We had a crash on a switch supporting the vCenter service.
We are intervening.
Update(s):
Date: 2012-05-31 11:53:12 UTC All the vShield Manager are operational.
Date: 2012-05-29 19:59:52 UTC All the infrastructures are operational.
There are still some unavailabilities of vShield Manager which will be fixed during the night.
Date: 2012-05-29 17:46:18 UTC The majority of the infrastructures are now operational.
We are continuing the maintenance.
Date: 2012-05-29 17:45:20 UTC We isolated this switch with the FEX 105 which was having a problem.
The switch does not crash only with this FEX.
We try to remount the 4 other FEX which were intially plugged on.
Date: 2012-05-29 17:43:49 UTC We have connected the FEX only from one side. This made the concerned switch crash.
The switching continues from the other side.
The core dumps were got back and escalated to the developers in Cisco.
------------------
2012 May 29 16:33:05 pcc-30a-n5 %SYSMGR-2-SERVICE_CRASHED: Service \"fwm\" (PID 3166) hasn't caught signal 6 (core will be saved).
Broadcast message from root (console) (Tue May 29 16:33:18 2012):
The system is going down for reboot NOW!
------------------
Date: 2012-05-29 17:42:25 UTC We are connecting the new FEX.
Date: 2012-05-29 13:43:38 UTC the 2 switches crashed again. We identified the damaged FEX. We are replacing it.
Date: 2012-05-29 13:02:20 UTC The vCenter services are up at 95%. We restart the last services which pose a problem.
Date: 2012-05-29 13:01:26 UTC We are searching for the origin of the crash with the manufacturer.
Date: 2012-05-29 12:29:43 UTC Reason: Reset triggered due to HA policy of Reset
Date: 2012-05-29 12:29:34 UTC We checked the connectivity of each of the hosts which are running the vCenter services.
Date: 2012-05-29 12:28:57 UTC We had also a crash of one of the 2 switches. The other ensured the redondance.
--------------
2012 May 29 13:31:36 pcc-30b-n5 %SYSMGR-2-SERVICE_CRASHED: Service \"fwm\" (PID 3163) hasn't caught signal 6 (core will be saved).

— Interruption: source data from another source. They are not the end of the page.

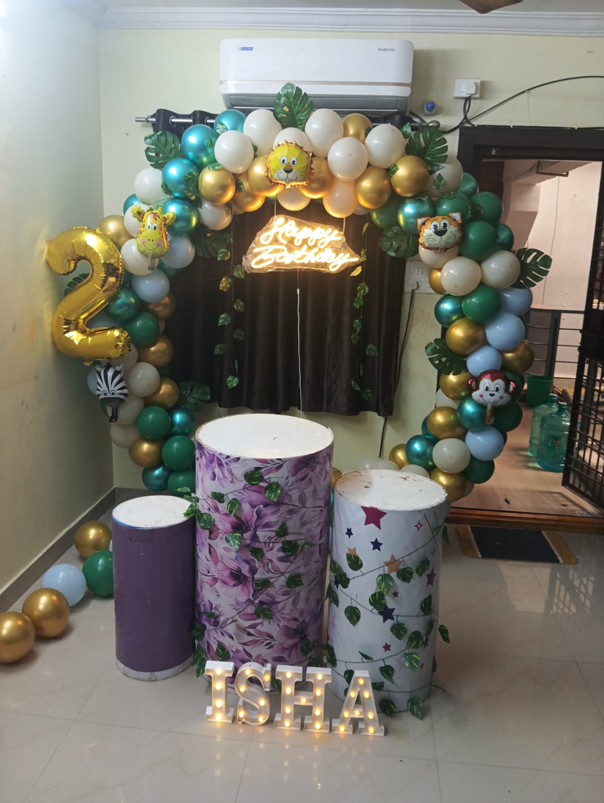 Tips for Balloon Decoration for Birthday Party. If you're planning for your birthday or for you kid, here are tips and ideas you can make your birthday decoration at home even more attractive. Whether you're planning a kid's birthday or an adult party. Choosing Pastel balloon decoration and soft colours makes the event more colourful. Using colours like peach, mint green, lavender, baby pink are perfect for birthday balloon decoration. Metallic or chrome balloons are good if you're looking for premium decoration, using colours like gold, rose, silver and deep blue give your birthday party a premium feel with good looking mainly when it is paired with candles and LED lights. If you're more into sustainable birthday decoration, then go for eco-friendly balloon decoration or you can pair them with reusable frames, fabric drapes, ring stands for a beautiful and planet-friendly celebration.
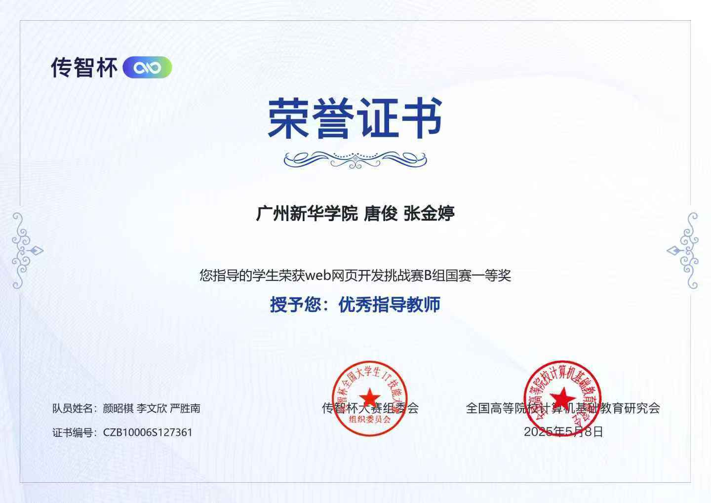唐俊、张金婷、罗良艺、刘维、张树彬、万智萍、张俊、赖刘生、许志明、禤俊峰等多位指导老师在各自国赛指导中表现突出,荣获国赛“优秀指导教师”称号。
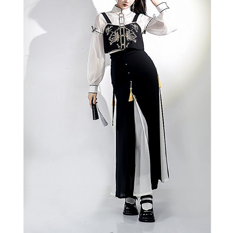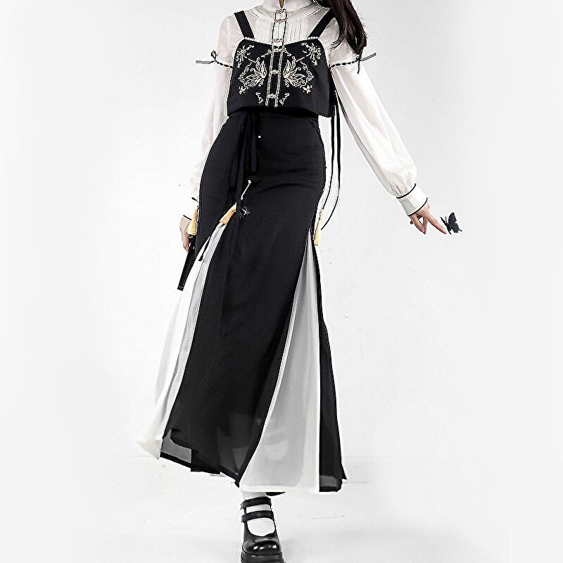 サブカル 服 地雷系 通販 ベスト 金糸 刺繍 butterfly チャイナ服 中華服 おしゃれ 闇かわいい

Broadcast message from root (console) (Tue May 29 13:31:50 2012):
The system is going down for reboot NOW!
--------------
Date: 2012-05-29 12:24:40 UTC The 2 switched in dual-home supporting the vCenter service crashed one after the other :
pcc-30a-n5:
-------------
2012 May 29 13:04:12 pcc-30b-n5 %SYSMGR-2-SERVICE_CRASHED: Service \"fwm\" (PID 3277) hasn't caught signal 6 (core will be saved).
Broadcast message from root (console) (Tue May 29 13:04:25 2012):
The system is going down for reboot NOW!
--------------
pcc-30a-n5:
-------------
2012 May 29 13:04:30 pcc-30a-n5 %VPC-2-PEER_KEEP_ALIVE_RECV_FAIL: In domain 30, VPC peer keep-alive receive has failed
2012 May 29 13:05:01 pcc-30a-n5 %SYSMGR-2-SERVICE_CRASHED: Service \"fwm\" (PID 3284) hasn't caught signal 6 (core will be saved).
Broadcast message from root (console) (Tue May 29 13:05:13 2012):
The system is going down for reboot NOW!
-------------
The switches are back.
We launch a check-up in the vCenter service infrastructure.